What is being asked — Every line below from the one containing "Hudson & James" through the one containing "MASERATI JEWELS LEATHER" must be transcribed exactly. Omit all lines outside that stretch.

Input for this task —
--------

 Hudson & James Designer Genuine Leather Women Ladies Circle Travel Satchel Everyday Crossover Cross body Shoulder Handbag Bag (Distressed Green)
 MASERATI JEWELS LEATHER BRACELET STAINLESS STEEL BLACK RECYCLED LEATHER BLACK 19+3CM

--------

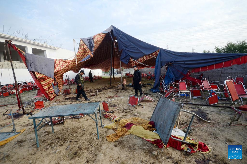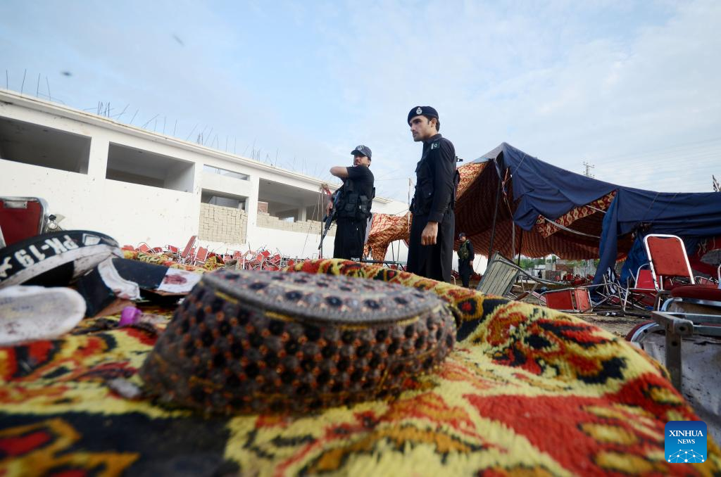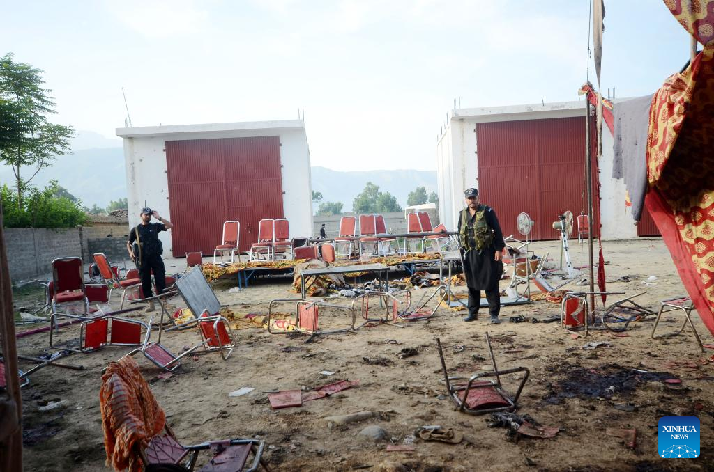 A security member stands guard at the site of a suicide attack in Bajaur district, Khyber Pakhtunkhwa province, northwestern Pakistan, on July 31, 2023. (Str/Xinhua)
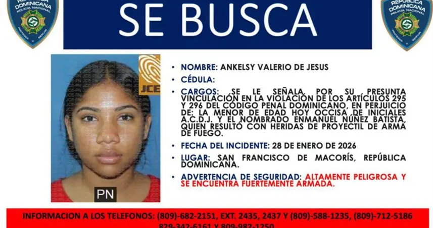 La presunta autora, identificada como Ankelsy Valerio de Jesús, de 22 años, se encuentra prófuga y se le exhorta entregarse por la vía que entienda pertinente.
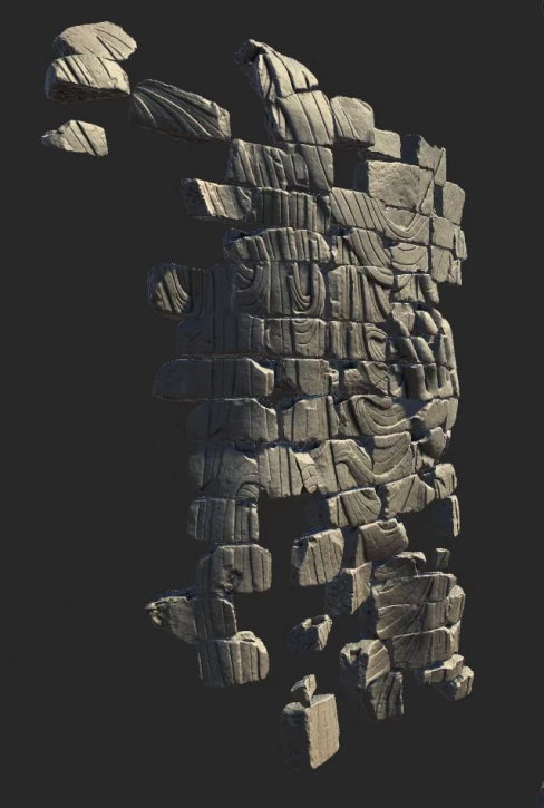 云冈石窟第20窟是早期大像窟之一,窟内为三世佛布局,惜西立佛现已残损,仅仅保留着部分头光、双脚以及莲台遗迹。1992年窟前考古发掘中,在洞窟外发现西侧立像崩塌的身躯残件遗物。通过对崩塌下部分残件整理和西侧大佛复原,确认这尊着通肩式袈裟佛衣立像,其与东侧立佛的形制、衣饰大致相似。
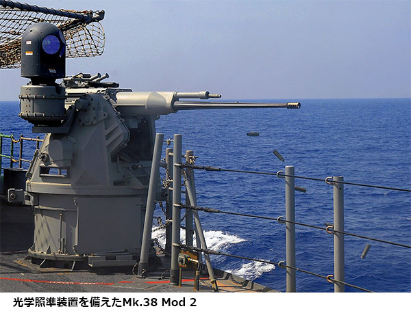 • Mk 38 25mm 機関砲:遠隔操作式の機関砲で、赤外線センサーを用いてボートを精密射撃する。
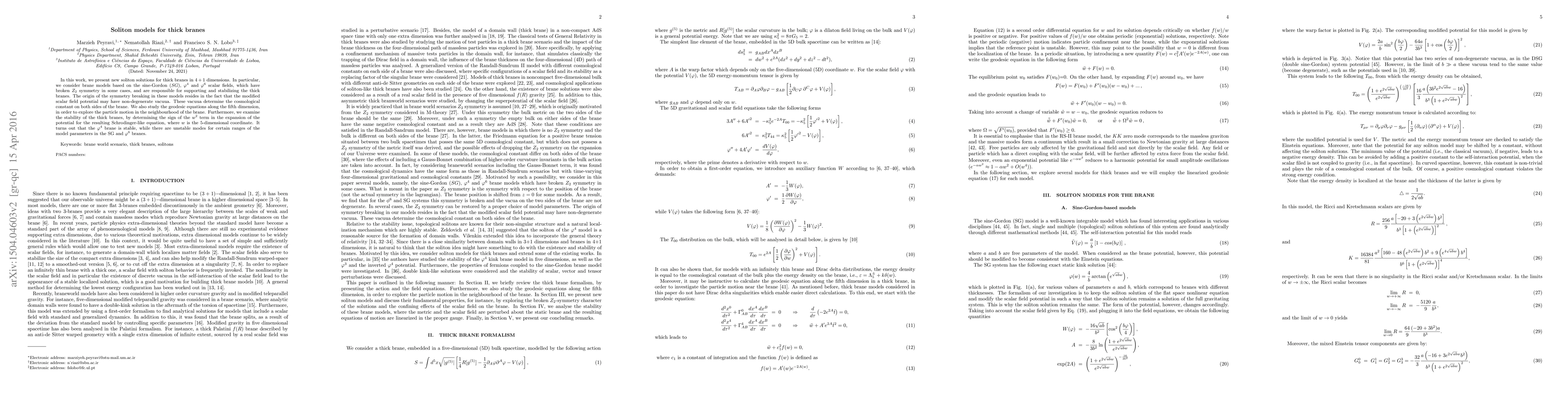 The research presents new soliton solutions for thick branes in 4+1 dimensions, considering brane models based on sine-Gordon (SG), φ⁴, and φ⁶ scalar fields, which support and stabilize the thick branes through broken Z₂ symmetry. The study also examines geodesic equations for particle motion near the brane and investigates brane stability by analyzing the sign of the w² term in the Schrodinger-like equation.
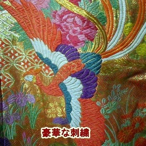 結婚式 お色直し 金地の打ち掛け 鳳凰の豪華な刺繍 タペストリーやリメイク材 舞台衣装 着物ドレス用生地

--------

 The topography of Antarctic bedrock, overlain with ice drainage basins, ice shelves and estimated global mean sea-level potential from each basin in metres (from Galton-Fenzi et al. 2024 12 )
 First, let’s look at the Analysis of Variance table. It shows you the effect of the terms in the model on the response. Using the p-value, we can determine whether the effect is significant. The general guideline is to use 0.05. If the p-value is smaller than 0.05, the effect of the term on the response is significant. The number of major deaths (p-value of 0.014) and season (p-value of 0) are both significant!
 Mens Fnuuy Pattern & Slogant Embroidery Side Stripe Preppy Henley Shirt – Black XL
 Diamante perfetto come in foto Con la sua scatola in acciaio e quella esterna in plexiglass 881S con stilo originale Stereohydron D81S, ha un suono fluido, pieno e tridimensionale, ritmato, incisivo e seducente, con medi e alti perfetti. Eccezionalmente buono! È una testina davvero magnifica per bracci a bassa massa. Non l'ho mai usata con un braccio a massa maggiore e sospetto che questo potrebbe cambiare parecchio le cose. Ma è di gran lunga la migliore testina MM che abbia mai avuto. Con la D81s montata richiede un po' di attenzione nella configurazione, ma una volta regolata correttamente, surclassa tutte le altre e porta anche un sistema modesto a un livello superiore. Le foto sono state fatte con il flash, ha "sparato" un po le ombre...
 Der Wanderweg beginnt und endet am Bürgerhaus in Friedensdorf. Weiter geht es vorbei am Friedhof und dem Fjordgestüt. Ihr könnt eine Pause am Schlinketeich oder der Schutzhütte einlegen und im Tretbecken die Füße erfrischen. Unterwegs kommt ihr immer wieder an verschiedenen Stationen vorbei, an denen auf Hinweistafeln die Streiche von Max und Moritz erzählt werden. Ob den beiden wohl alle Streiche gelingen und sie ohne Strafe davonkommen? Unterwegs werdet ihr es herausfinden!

--------

Answer to the exercise —
 Hudson & James Designer Genuine Leather Women Ladies Circle Travel Satchel Everyday Crossover Cross body Shoulder Handbag Bag (Distressed Green)
 MASERATI JEWELS LEATHER BRACELET STAINLESS STEEL BLACK RECYCLED LEATHER BLACK 19+3CM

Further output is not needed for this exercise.